There evidently was something awe-inspiring about the name that he shouted even though the rest of the words were unintelligible to the natives. The man shouted his request in the English language; the natives of Haiti used a jargon of French, English and native dialect difficult to understand and impossible to describe or reproduce in writing.

If, when the man called, a native were passing along the highway, as sometimes happened, he would spring forward so violently as to endanger the safety of the huge basket of fruit or vegetables that he carried upon his head, and glancing over his shoulder with dread in his distended, white and rolling eyes, would break into a run and speed forward as if in mortal terror.

The man had just given utterance to a louder howl than usual when he felt the grip of bony claw-like fingers on his shoulder; with one unearthly yell he sprang to his feet, turned and fell upon his knees before the figure that so silently had stolen to his side.
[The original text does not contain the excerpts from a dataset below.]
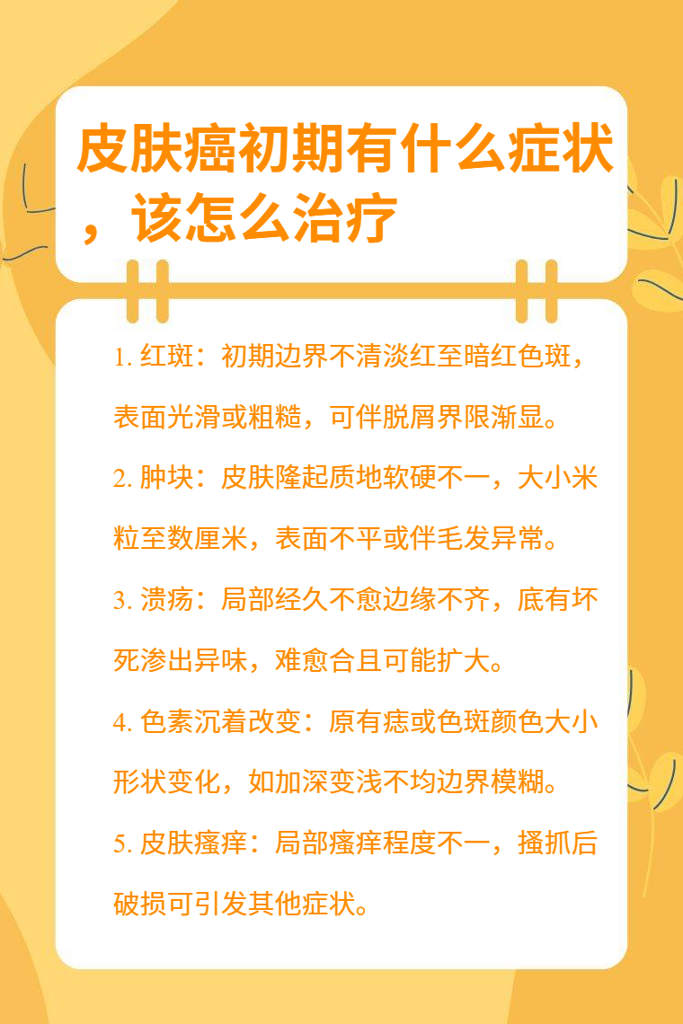 皮肤癌初期症状包括红斑、肿块、溃疡、色素沉着改变、皮肤瘙痒等。
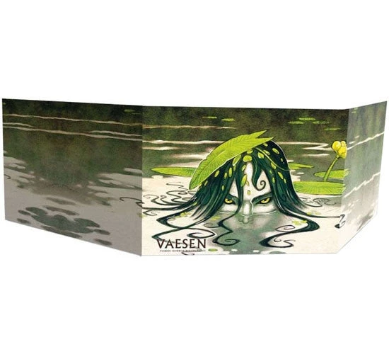 A deluxe Gamemaster’s screen in landscape format for Vaesen. It features Johan Egerkrans’s art on the outside and a host of useful tables and important information on the inside, while keeping the GM’s plans hidden from the eyes of inquisitive players. Included in the package is also is a large double-sided poster featuring a beautiful map of the Mythic North setting on one side and the town of Upsala on the other. Measures 432x558mm.
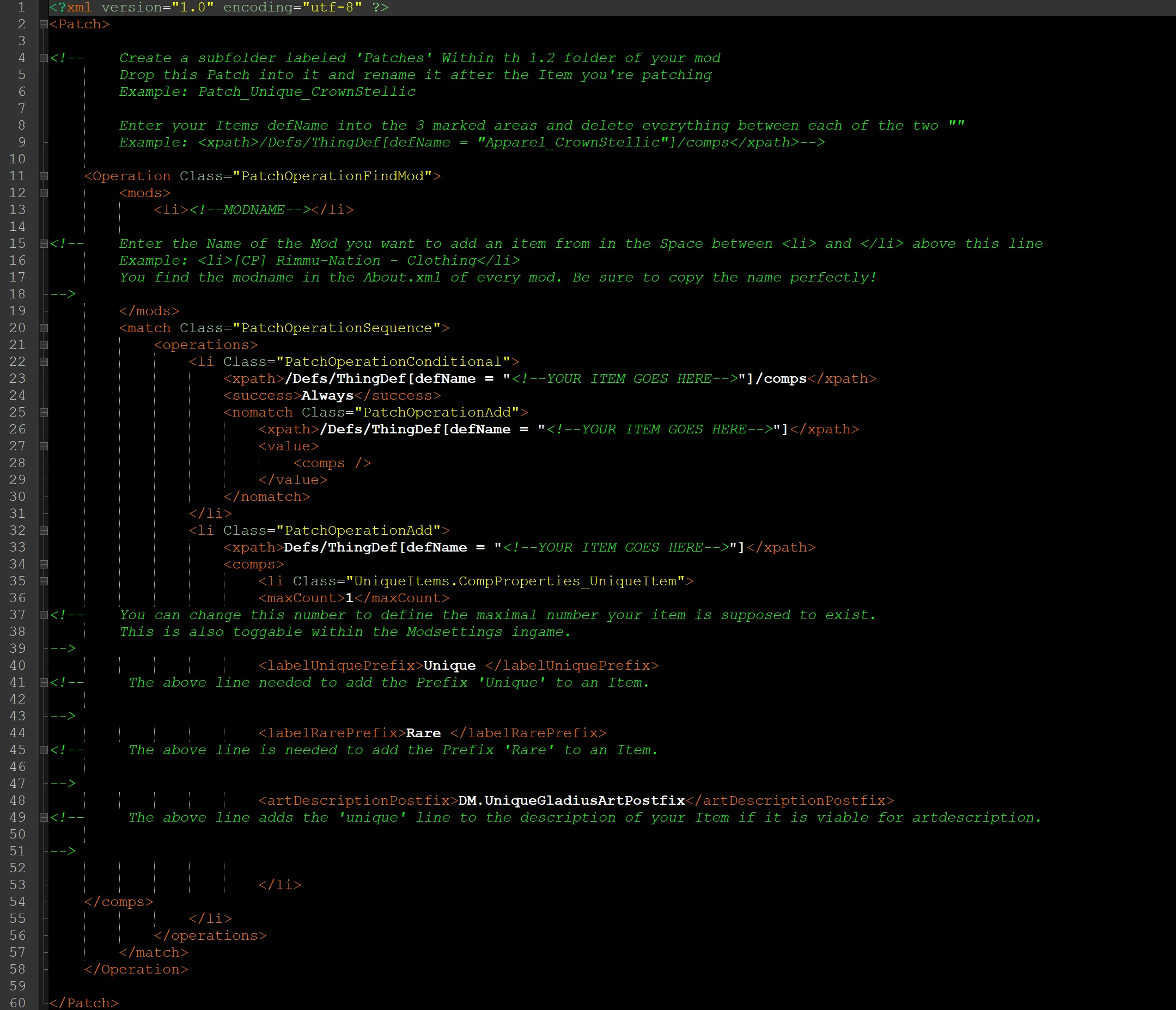 Prefix: “Unique” if the slider is set so that only one instance of the Item exists in the game. (Default)
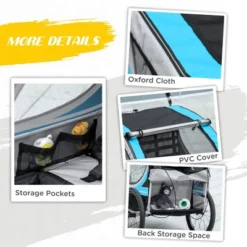 Featuring a 3-in-1 design, this bike cart can ensure you get the most use out of your outdoor activity, whether it’s walking, jogging, or riding. Aosom’s storage-equipped stroller will accompany you if you want to continue on foot after biking. This versatile, ultra-safe, water-resistant, and terrain-ready piece of weekend entertainment will let you pull/push multiple kids, cut across the grass, and pack it away when you’re all done and finished.
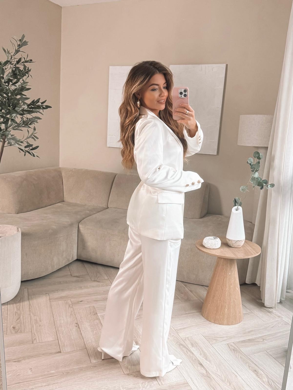 CLASSY! Deze elegante satijnen pantalon zit niet alleen heerlijk, maar straalt pure klasse uit. Met zijn vloeiende pasvorm en subtiele glans is hij perfect voor zowel een stijlvolle werkdag als een avondje uit. Combineer 'm met de bijpassende blazer.
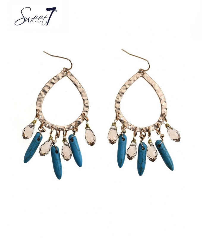 Goudkleurige oorhangers met turquoise staafjes en kralen
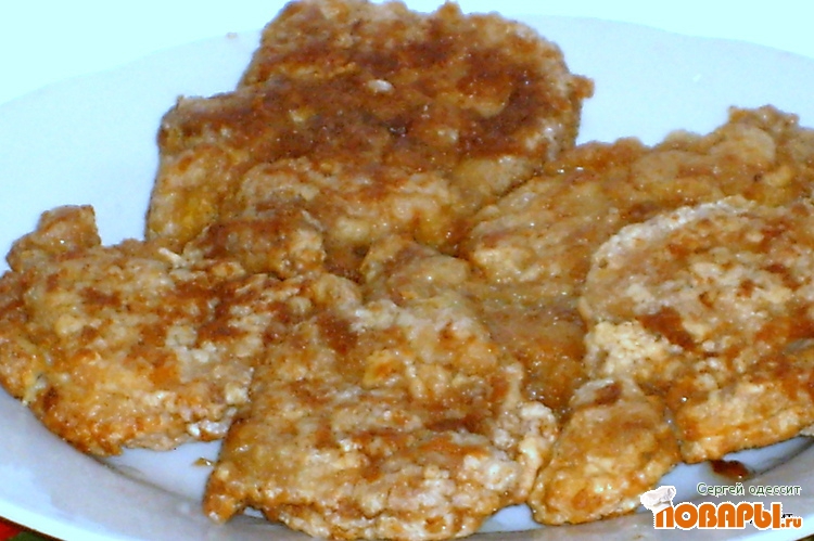Жарить можно на свином жире (топленное сало без шкварок или из сала вытопить жир и удалить шкварки). Можно применять и растительное масло. Тоже есть разница по вкусу. Этот раз делал на подсолнечном масле.
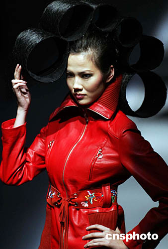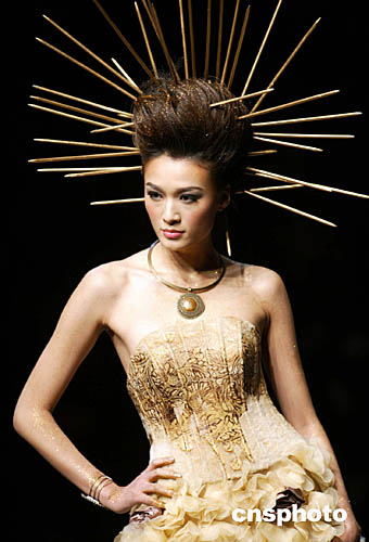 十一月二十三日,在中國國際時(shí)裝周會場北京飯店內(nèi),一場時(shí)裝發(fā)布會通過一組構(gòu)思奇特的模特造型將服裝設(shè)計(jì)師的時(shí)裝設(shè)計(jì)作品演繹得淋漓盡致,也更添模特嬌媚。中新社記者:盛佳鵬
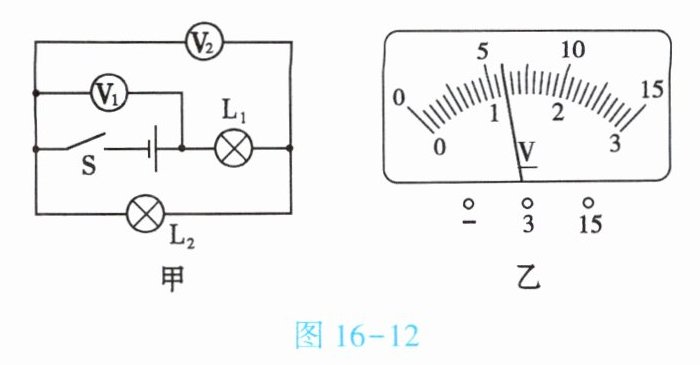 6. (★★★)如图 16 - 12 甲所示的电路图中,闭合开关 S 后,两个电压表指针偏转情况均如图 16 - 12 乙所示,则灯$ L_1、$$L_2 $两端的电压分别为【
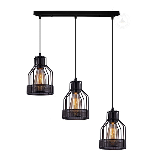 3 Way Industrial Cage Pendant Light Rectangle Light Fitting ~ 3243
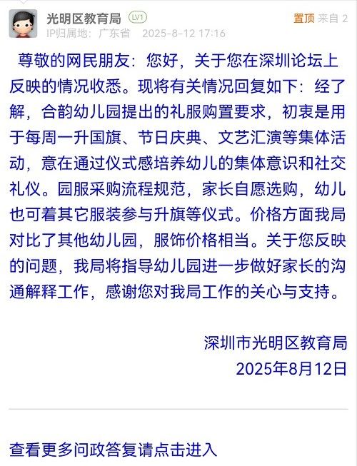尊敬的網(wǎng)民朋友:您好,關(guān)于您在深圳論壇上反映的情況收悉。現(xiàn)將有關(guān)情況回復(fù)如下:經(jīng)了解,合韻幼兒園提出的禮服購(gòu)置要求,初衷是用于每周一升國(guó)旗、節(jié)日慶典、文藝匯演等集體活動(dòng),意在通過(guò)儀式感培養(yǎng)幼兒的集體意識(shí)和社交禮儀。園服采購(gòu)流程規(guī)范,家長(zhǎng)自愿選購(gòu),幼兒也可著其它服裝參與升旗等儀式。價(jià)格方面我局對(duì)比了其他幼兒園,服飾價(jià)格相當(dāng)。關(guān)于您反映的問題,我局將指導(dǎo)幼兒園進(jìn)一步做好家長(zhǎng)的溝通解釋工作,感謝您對(duì)我局工作的關(guān)心與支持。
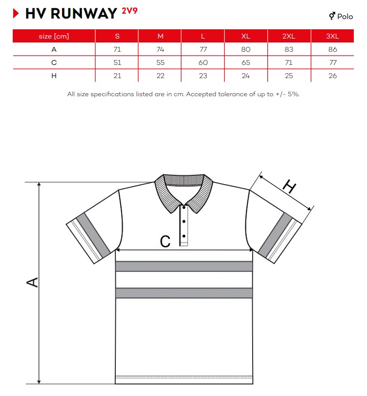 Сигнална тениска поло със светлоотразителни ленти. Отговаря на стандарти EN ISO 20 471 (class 2) и EN ISO 13 688.
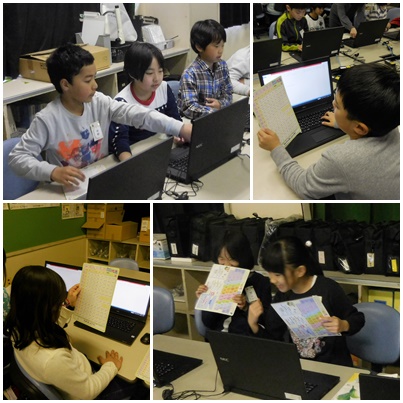 今日は、学習したことを生かして、コンピュータにローマ字で言葉を入力する練習をしています。
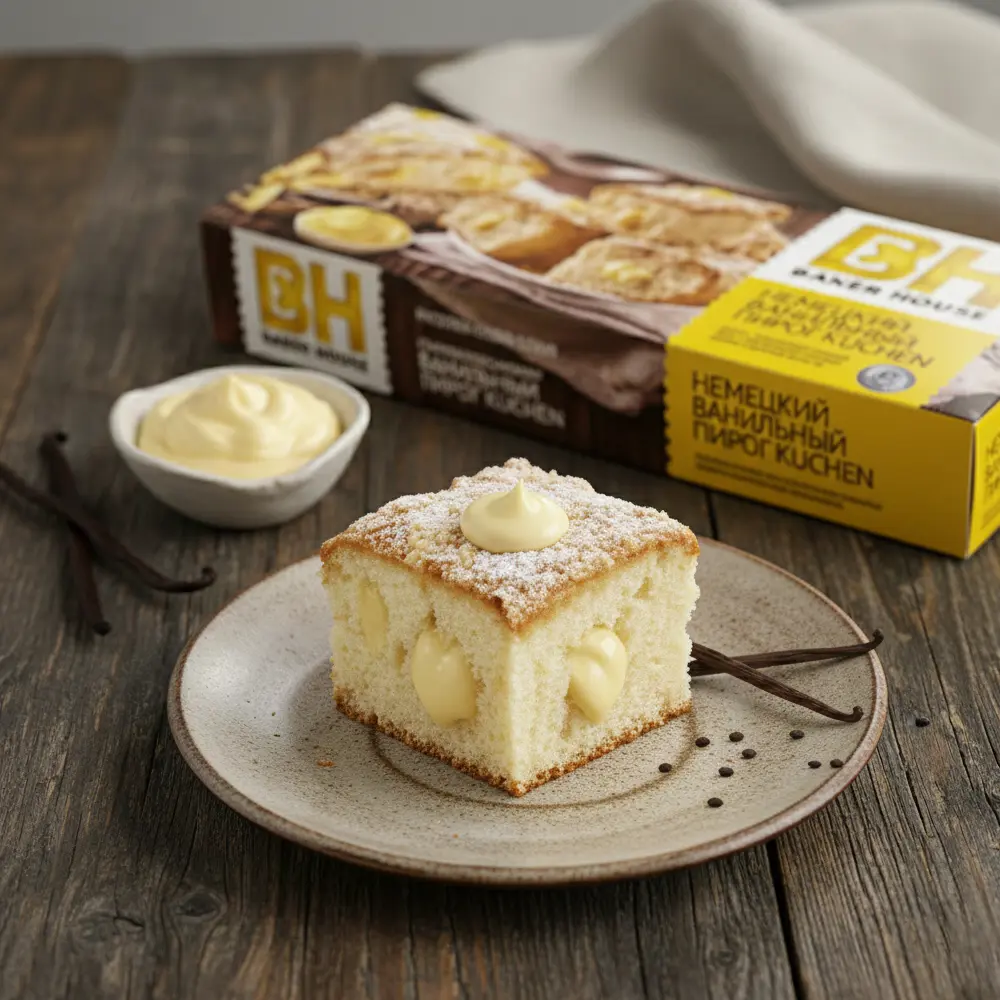 Dieser traditionelle deutsche Kuchen wird nach bester Hausmannskost-Tradition hergestellt. Der saftige Vanille-Biskuitkuchen ist mit Zucker-Baiser bestreut und harmoniert perfekt mit der Vanillepudding-Füllung. Dieser Kuchen eignet sich perfekt für Teepartys und wird bei Gästen und Familie ein Hit sein.

“Has the yellow dog brought a bone to his mother?” The words were spoken in the patois of the native Haitians with which the man was familiar.

The speaker was a living, animated but mummified black crone of a woman. She leaned upon a staff made of three human thigh bones, joined firmly together by wire. Her fleshless fingers looked like the talons of a vulture as she gripped the top of her horrid prop and bent forward toward the man.

Her age seemed incalculable in decades; centuries appeared to have passed since she was born. The wrinkles in her face were as gashes in black and aged parchment, so deep were they. The skin over her toothless jaws was so drawn and stretched by untold time that the very hinges of the jaw were plainly traced; in cavernous, inky holes dug deep beneath the retreating forehead sparkled, like points of flame, eyes so bright and glittering that sparks of electric fire shot forth in the gaze by which she transfixed the groveling wretch at her feet.

“Answer, Manuel; what have you brought for Mother Sybella?”

Finally the startled and fearful Manuel found courage to reply:

“The coffee, sugar, ham and calico are in that bundle lying over there, Mother Sybella,” and the man pointed to a roll of matting near him.

“And I told you to gather all the gossip and news of Port au Prince. Have you done so?” queried the hag with a menacing gesture.